When it became clear that she would neither reason with him or let him take her home, he grabbed her from behind in an embrace that pinned her arms. She swore and strained and then begged, sobbing, for him to let her go. But Jacob had wrestled steers more than ten times her weight, and he held on easily, though her shoes dented his knees and bruised his shins.
Beth’s fury didn’t burn out. She had an infinite amount of grief for fuel. But when Danny emerged from the passenger side of Jacob’s truck with red-rimmed eyes, the sight of him was like the smothering blast of a fire extinguisher. Fifteen and fatherless, he’d never looked younger to her, or more frightened by the unknown, and by her lack of self-control. He had no big words to rope her with this time.

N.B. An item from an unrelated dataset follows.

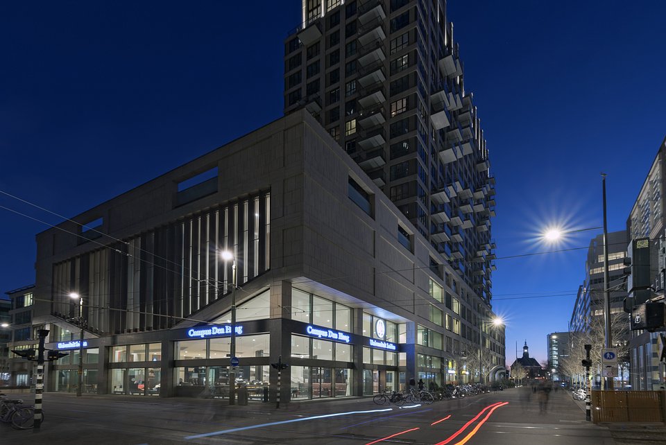 Nośna konstrukcja betonowa byłego wieżowca to wszystko, co pozostało z dawnego kompleksu biurowego dwóch ministerstw z lat siedemdziesiątych, który został zintegrowany z nowym Wijnhavenkwartier. Wentylowana fasada o powierzchni 12 500 m² jest prawdziwą gratką dla fanów architektury. Została pokryta barwionymi na zamówienie płytami ceramicznymi Royal Mosa, które zostały wykonane i wyprodukowane na potrzeby tego projektu. Możliwość specjalnie projektowanej i unikalnej okładziny ceramicznej jest jednym z punktów wyjątkowej oferty Mosa. Fasada budynku stanowi wizualne odniesienie do podłoża piaskowego, na którym wzniesiono Wijnhavenkwartier: obok pobliskiej plaży i centrum Hagi, zwanej „miastem za wydmami”.

As if Jacob could sense Beth’s mind shift onto Danny’s needs, he released her and she reached for her brother, whose more innocent sadness encased the three of them in pained silence while they stood, lost, at the side of the road.
T
ea had stopped fixing Garner’s restlessness. He was standing in his artificially lit greenhouse basement Thursday when he noticed this. That is, he noticed the three half-drunk cups of tea gone cold and abandoned among his plants. Never before had a brew of good-quality leaves failed to put him in a good mood—energize him if he was tired, pique his mind if he was bored, calm his heart if he was agitated.

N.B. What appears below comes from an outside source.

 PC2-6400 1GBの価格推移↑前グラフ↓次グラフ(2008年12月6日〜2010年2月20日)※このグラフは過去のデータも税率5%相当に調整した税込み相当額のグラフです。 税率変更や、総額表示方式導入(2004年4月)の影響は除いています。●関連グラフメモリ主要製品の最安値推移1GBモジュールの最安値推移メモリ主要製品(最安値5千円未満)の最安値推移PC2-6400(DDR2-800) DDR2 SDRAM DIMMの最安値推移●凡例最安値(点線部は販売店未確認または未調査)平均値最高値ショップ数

And yet now, though his stomach sloshed with tea, he seemed to stand in a garden of sadness. He had overwatered his lemongrass so that it was turning yellow, and pinched fresh buds rather than deadheads off the blooming calendula. The plant shouldn’t have had any dead blooms at all, but he’d forgotten to harvest them at the right time. He feared it might not flower again for several months, and that was disappointing, because the orange petals looked pretty in a teacup, and it seemed a lot of people cared about that these days—more than they cared about the potential health benefits.